------ Source data

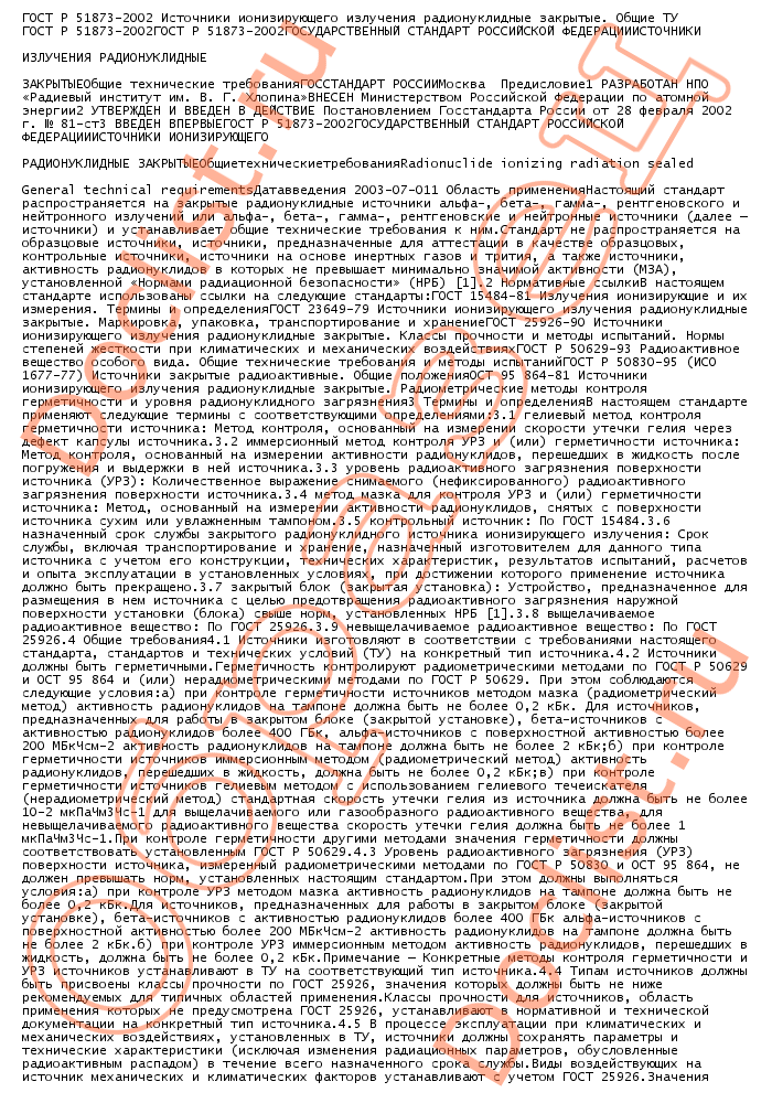 ГОСТ Р 51873-2002 источники ионизирующего излучения радионуклидные закрытые. Общие ту скачать
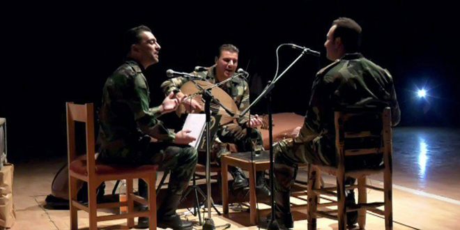 أديب حميرة عازف العود ومؤلف الأغاني ووسام حريباعازف الناي وغيد ابراهيم حضروا على المسرح ونقلوا معهم “استديو عسكري” ببساطته وأغانيهم التي شغلت مساحة واسعة في وسائل التواصل الاجتماعي للسوريين بعد أن لامست عن قرب واقع كل أبناء سورية في ظل هذه الحرب وخاصة العسكريين منهم وهم يعيشون كل تفاصيل هذه الحياة باعتبارهم من أبطال الجيش العربي السوري.
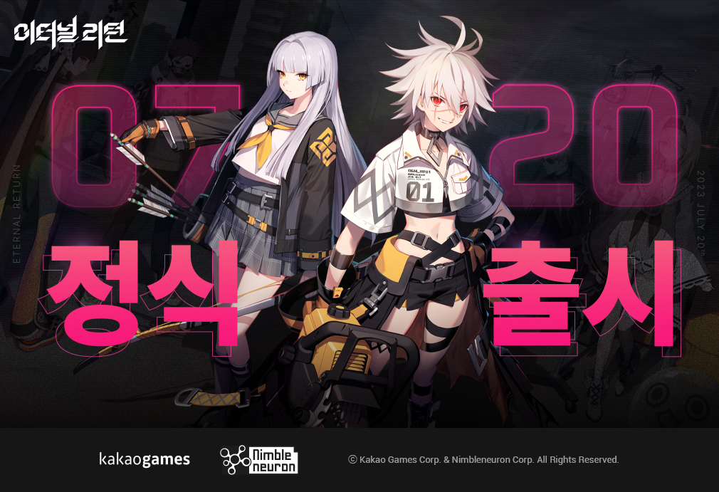 ㈜카카오게임즈(대표 조계현) 는 19일, 넵튠의 자회사 ㈜님블뉴런(대표 김승후) 이 개발하고 자사가 공동 서비스하는 PC 온라인 생존 배틀 아레나 ‘이터널 리턴’ 이 7월 20일 정식 서비스를 시작한다고 밝혔다.
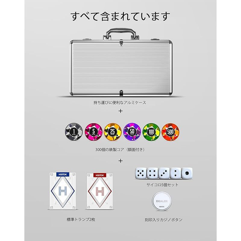 商品名:HEITOK ポーカーチップ ポーカーセット 300枚 数字入り 11.5g カジノチップ トランプ2組とサイコロ5個が付属 ABS製チップ アルミ製スーツケース入り

------------

Brief: Pictures aside, write out verbatim every line from the first line of the material through the line holding "أديب حميرة عازف".

Solution to the problem:
 ГОСТ Р 51873-2002 источники ионизирующего излучения радионуклидные закрытые. Общие ту скачать
 أديب حميرة عازف العود ومؤلف الأغاني ووسام حريباعازف الناي وغيد ابراهيم حضروا على المسرح ونقلوا معهم “استديو عسكري” ببساطته وأغانيهم التي شغلت مساحة واسعة في وسائل التواصل الاجتماعي للسوريين بعد أن لامست عن قرب واقع كل أبناء سورية في ظل هذه الحرب وخاصة العسكريين منهم وهم يعيشون كل تفاصيل هذه الحياة باعتبارهم من أبطال الجيش العربي السوري.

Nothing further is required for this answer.